__DIRECTIONS__
The material below holds pictures, which are to be left out; copy exactly the lines from the one with "W zestawie znajduje" through the one with "Cena produktu r贸偶ni".

__DATASET EXTRACT__
——————————

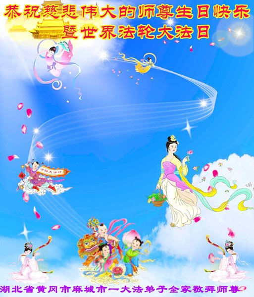 恭祝师父生日快乐!敬贺5.13世界法轮大法日! 我们万幸有亲人修炼大法,教我们念诵“法轮大法好,真善忍好”九字真言,家族中亲人们多方受益,并得以躲过大灾难,我们当永生永世赞颂师父的无量恩德! 湖北省黄冈市麻城市一大法弟子全家恭祝慈悲伟大的师父生日快乐!恭贺世界法轮大法日!
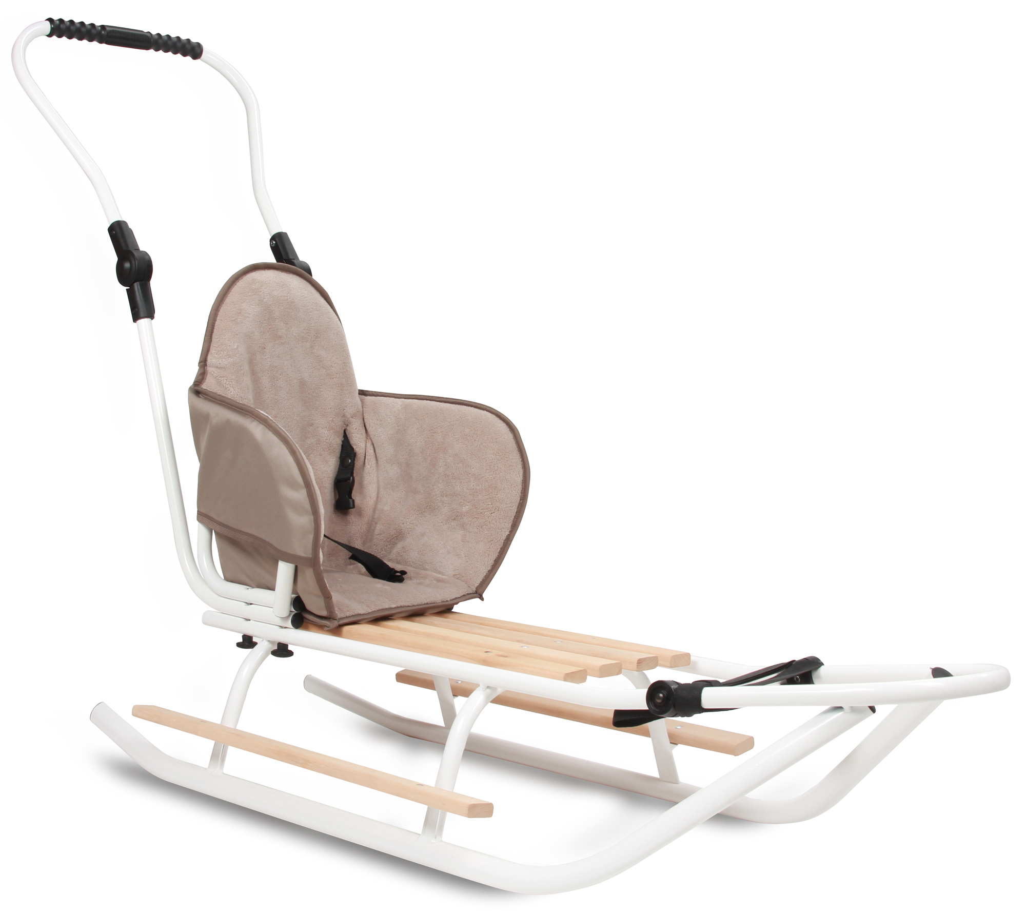 W zestawie znajduje się mięciutki materacyk, który idealnie pasuje do tego modelu sanek. Materacyk wyposażony jest w otwory umożliwiające przeciągnięcie pasów bezpieczeństwa znajdujących w się w oparciu sanek. Z zewnątrz materacyk wykonany jest z nieprzemakalnej tkaniny, wewnątrz z milutkiego aksamitnego pluszu, w środku ocieplony gąbką tapicerską.
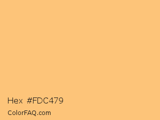 Hex #fdc479 Color is a light orange color and the nearest color is Topaz #ffc87c. Hex code #fdc479 and RGB value is rgb(253,196,121). In RGB color space, this color is composed of 99% red, 77% green, 47% blue, In CMYK color space, this color is composed of 0% cyan, 23% magenta, 52% yellow , 1% black , In HSL color space, this color has a hue angle of 34° , 97% saturation and 73% lightness.
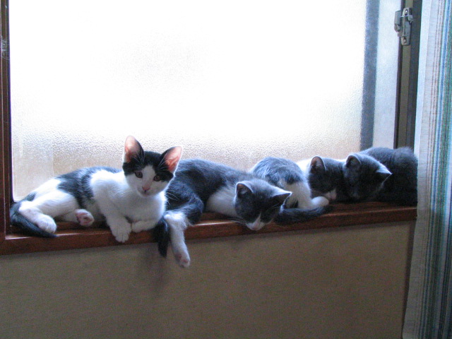 窓枠に並んで寝ているのは、なんともかわいらしい風景でした。
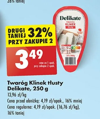 Cena produktu r贸偶ni si臋 w zale偶no艣ci od wybranego sklepu. Niestety nie posiadamy danych o aktualnych promocjach, jednak w艣r贸d archiwalnych ofert Twar贸g klinek t艂usty Delikate kosztuje od 1,95 z艂 do 3,49 z艂.
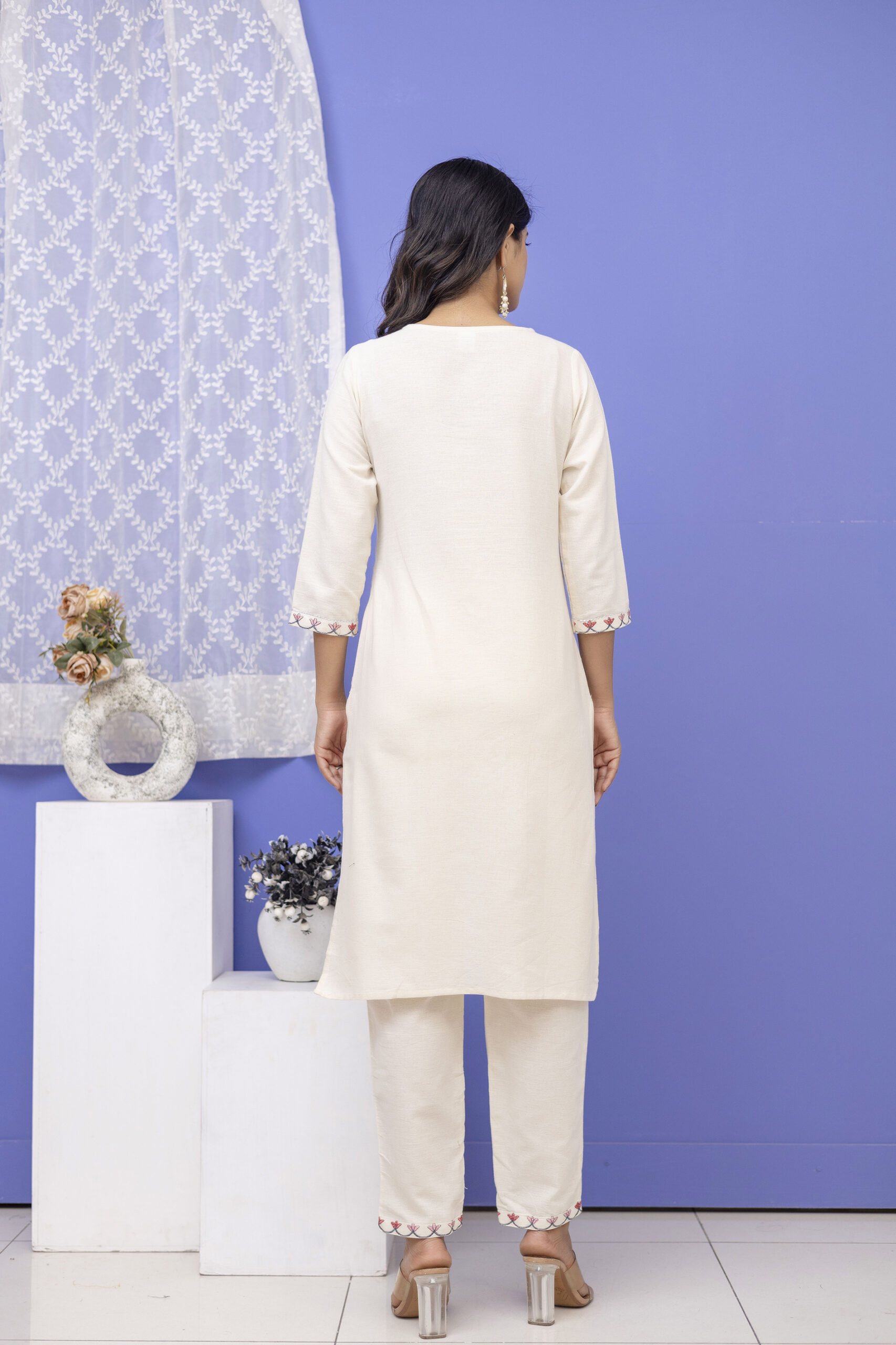Step into effortless grace with this ivory kurta set, beautifully paired with a vibrant pink printed dupatta. The kurta features delicate floral embroidery on the yoke, adding a refined handcrafted touch, while the soft straight-fit silhouette ensures all-day comfort. Finished with coordinated pants and a statement dupatta, this set is ideal for elegant everyday wear and light festive occasions.

——————————

__RESULT FOR THIS TASK__
 W zestawie znajduje się mięciutki materacyk, który idealnie pasuje do tego modelu sanek. Materacyk wyposażony jest w otwory umożliwiające przeciągnięcie pasów bezpieczeństwa znajdujących w się w oparciu sanek. Z zewnątrz materacyk wykonany jest z nieprzemakalnej tkaniny, wewnątrz z milutkiego aksamitnego pluszu, w środku ocieplony gąbką tapicerską.
 Hex #fdc479 Color is a light orange color and the nearest color is Topaz #ffc87c. Hex code #fdc479 and RGB value is rgb(253,196,121). In RGB color space, this color is composed of 99% red, 77% green, 47% blue, In CMYK color space, this color is composed of 0% cyan, 23% magenta, 52% yellow , 1% black , In HSL color space, this color has a hue angle of 34° , 97% saturation and 73% lightness.
 窓枠に並んで寝ているのは、なんともかわいらしい風景でした。
 Cena produktu r贸偶ni si臋 w zale偶no艣ci od wybranego sklepu. Niestety nie posiadamy danych o aktualnych promocjach, jednak w艣r贸d archiwalnych ofert Twar贸g klinek t艂usty Delikate kosztuje od 1,95 z艂 do 3,49 z艂.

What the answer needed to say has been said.